At this point, it's not really about the difference between languages anymore; it's about the programmer's skill at optimizing his code.

Traditionally Java is thought to be the slowest, because it runs in a VM and generally tends to use more heap allocations.  In recent times, however, JIT and advanced GC implementations have significantly levelled that out, so you're probably not going to see the difference unless you hand-tweak your code down to the bare metal.

Surprisingly, at least on my machine, Lisp actually performed the worst. I'd have thought it would at least beat Java, but I was quite wrong. :-D Perhaps the Lisp implementation I'm using is suboptimal, I don't know. Or perhaps modern JVMs have really overtaken Lisp.

Now I'm really curious how a Rust version of the trie algorithm would perform.  Unfortunately I don't know Rust so I wouldn't be able to write it myself. (Hint, hint, nudge, nudge ;-)).

As far as the performance of my D version is concerned, I still haven't squeezed out all the performance I could yet.  Going into this, my intention was to take the lazy way of optimizing only what the profiler points out to me, with the slight ulterior motive of proving that a relatively small amount of targeted optimizations can go a long way at making the GC a non-problem in your typical D code. ;-)  I haven't pulled out all the optimization guns at my disposal yet.

If I were to go the next step, I'd split up the impl() function so that I get a better profile of where it's spending most of its time, and then optimize that.  My current suspicion is that the traversal of the trie could be improved by caching intermediate results to eliminate a good proportion of recursive calls in impl().

Also, the `print` mode of operation is quite slow, probably because writefln() allocates. (It allocates less than if I had used .format like I did before, but it nevertheless still allocates.) To alleviate this cost, I'd allocate an output buffer and write to that, flushing only once it filled up.
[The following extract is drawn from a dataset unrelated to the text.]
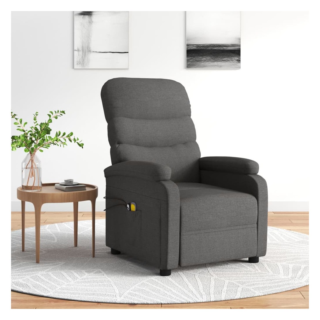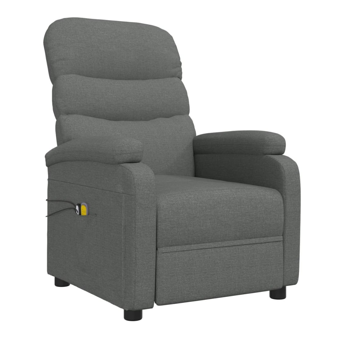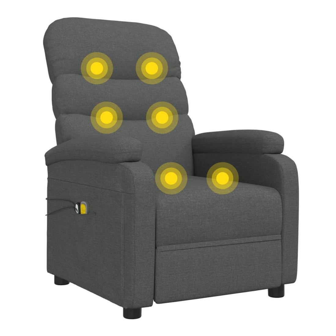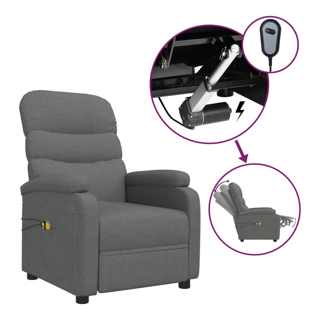 Asseyez-vous et détendez-vous dans ce fauteuil de massage électrique très confortable ! Fonction d'inclinaison électrique : le fauteuil inclinable est équipé d'un moteur électrique pour la fonction d'inclinaison. Il offre 3 positions d'inclinaison et vous pouvez facilement régler le dossier et le repose-pied à l'aide de la commande manuelle à 2 boutons incluse, en fonction de votre confort.Fonction de vibration : les 6 points de massage vous permettent de faire l'expérience d'un massage mieux ciblé. De plus, la télécommande incluse vous permet de choisir différents programmes de massage. La fonction de massage est alimentée par le connecteur USB, mais la source d'alimentation USB 5V certifiée n'est pas incluse.Expérience d'assise confortable : le siège, le dossier et les larges accoudoirs rembourrés épais recouverts de tissu procurent une sensation confortable et chaleureuse, vous permettant de vous sentir enveloppé lorsque vous êtes assis. Le tissu présente un aspect simple et épuré, et est respirant et durable.Cadre solide et stable : le cadre en bois et en métal offre une structure solide et une grande stabilité. Ce fauteuil inclinable est confortable et durable.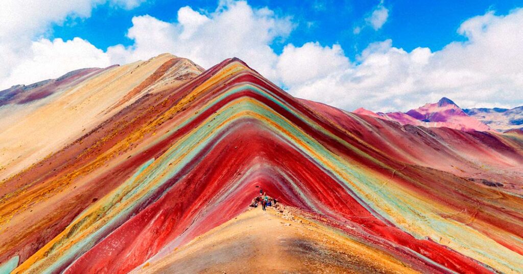 A más de 5,200 msnm, la famosa Rainbow Mountain te espera con un espectáculo natural que parece sacado de un lienzo, producto de minerales que pintan el paisaje en tonos rojos, turquesas, amarillos, lavanda y ocres.

Another thing I could do is to use std.parallelism.parallel to run searches on batches of phone numbers in parallel. This is kinda cheating, though, since it's the same algorithm with the same cost, we're just putting more CPU cores to work. :-P  But in D this is quite easy to do, often as easy as simply adding .parallel to your outer foreach loop. In this particular case it will need some additional refactoring due to the fact that the input is being read line by line. But it's relatively easy to load the input into a buffer by chunks instead, and just run the searches on all the numbers found in the buffer in parallel.


On Thu, Jan 18, 2024 at 04:25:45PM +0000, Renato via Digitalmars-d-learn wrote: [...]
> BTW here's you main function so it can run on the benchmark:
[...]

Thanks, I've adapted my code accordingly and pushed to my github repo.


T

-- 
This is a tpyo.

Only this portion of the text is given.